Il dépasse l'apaisement des souffrances intérieures pour toucher à la dimension du sens de la vie, de l'existence. Ce qualificatif "existentiel" peut prêter à confusion dans la mesure où il relève du registre philosophique et phénoménologique, mais nous osons cet emploi pour signifier le dépassement de la problématique psychologique que nous souhaitons pour notre recherche. Plus que le sentiment d'exister, il procure une plénitude, un bien-être, par la compréhension du parcours de vie et la reconnaissance par l'autre que "ma vie a un sens, elle a du prix". Cette fonction synthétise les médiations de signification et de but, contribuant à l'émergence du sens, la compréhension du parcours et l'inscription du projet dans l'histoire de la personne et donc, dans son existence. Nous l'avons mise en exergue dans notre étude parce qu'elle nous a semblé se dégager d'elle-même, et qu'elle ne nous semblait pas suffisamment prise en compte dans les lectures plus "psychologisantes" que nous avons faites. Cette fonction a d'autant plus d'importance que le sujet se trouve dans une situation intérieure confuse, ayant traversé des épreuves personnelles douloureuses, comme un licenciement difficile, la séparation d'avec son compagnon, la contrainte d'une reconversion professionnelle pour des raisons de santé, la difficulté de se réinsérer dans une région inconnue etc. 935 En dégageant à nouveau du sens dans son parcours, la personne retrouve une assise, sur laquelle elle peut reconstruire un projet, et cet appui confère une assurance ou une réassurance pour aller vers l'inconnu d'une nouvelle activité.
Sans comparaison possible avec la pratique psychanalytique, dont les moyens et les finalités sont différents, l'action du conseiller peut bien sûr "se répercuter sur l'inconscient", comme le dit Paul, soulignant par là, un des effets de toute relation interpersonnelle que représente le transfert. Quelques témoins ont d'ailleurs fait des essais d'analogie entre cet appui touchant à l'existence et la psychanalyse qui, dépassant l'apaisement des souffrances, est un des modes "que l'homme a de poser la question de son existence" 936 . Au-delà des effets thérapeutiques de toute relation interpersonnelle, qu’elle soit d’aide ou autre, il est intéressant de souligner ce parallèle, qui confirme de manière indirecte la composante existentielle de la relation d'orientation. Léa a souligné l'intensité de lecture et de visualisation qu'apporte le déroulement chronologique de l'histoire de vie, à la différence de la psychanalyse, dont la logique repose sur l'émergence plus morcelée des signifiants de l'inconscient : "C'est aussi encore des petits morceaux de vie... qui éclairent ton histoire mais d'abord tu dis, pas tout, t'éclaires pas tout et puis ça se fait par morceaux aussi, c'est encore des petits patchworks que tu amènes et puis tu te débrouilles avec ça. Alors que là, dans ce bilan, tu commences du plus tôt possible jusqu'à aujourd'hui, donc il y a ce fil là qui se voit ".

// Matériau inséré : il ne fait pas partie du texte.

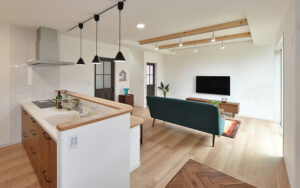 今回の見学会は、温かみのある色でまとめた外壁とベランダが印象的な2階建てのお住まいです。リビングの天井は折上げ天井となっていて、限られたスペースでありながら開放感を感じさせます。さらに、一段高く天井が上がっている分、通常は隠れている梁をダイナミックに露出。空間の中にアクセントが生まれ、デザイン性アップにも繋がりました。

Cet appui existentiel semble être la pierre angulaire de la relation d'orientation, car, à moins qu'il ne soit pas indispensable à la personne, celle-ci ayant antérieurement, par elle-même ou dans le cadre d'un accompagnement spécifique, dénoué les fils de son histoire personnelle, son absence a des répercussions sérieuses sur l'avancée du processus d'élaboration de projet 937 . Quand la dynamique interne existentielle est affaiblie, la personne offre moins de résistances aux aléas de la vie, et si la relation d'orientation ne réussit pas à l'affermir, le processus d’élaboration de projet est fortement compromis.
Cet appui ne représente pas non plus une action en soi du conseiller, dans le sens où il apporterait une connaissance ou une force nouvelle, extérieure à la personne ; son rôle consiste, dans un dialogue, à faire émerger, chez le sujet et par lui-même, au travers de son parcours, le sens de sa vie dont il a une conscience diffuse.

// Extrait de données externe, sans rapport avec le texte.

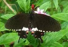 玉斑凤蝶Papilio helenus 别名白纹凤蝶,是凤蝶科凤蝶属美凤蝶亚属大型种类。雌雄同型;体翅皆黑色,后翅正面中室外有3个并列的白色斑,亚外缘有1列模糊的新月形红色斑,…全部>>

D'après le tableau 17 "Apport de la MIFE" en annexe, on peut dire que cet appui a été effectif pour neuf personnes, plus marqué pour Claire, Pauline, Léa, Liliane, Judith et Mathilde, pour lesquelles il a contribué à des révélations ou des confirmations fortes sur leur vie.
JacquesLACAN, Le séminaire, Livre XI, Les quatre concepts fondamentaux de la psychanalyse, Paris, Seuil, 1973, p. 239. A la différence de la religion — autre mode dont dispose l'homme de poser cette question de l'existence —, qui pour Lacan, relève de la croyance et sous-tend l'aliénation - concept s'opposant à celui de séparation -, la psychanalyse se rapprocherait de la science par son indifférence à ce type de question.
Rappelons pour mémoire les exemples de Nathalie, Marc, Géraldine, Mathieu, dont le projet est en cours, et ceux d'Alain et de Jeanne, qui ont abandonné leur projet initial.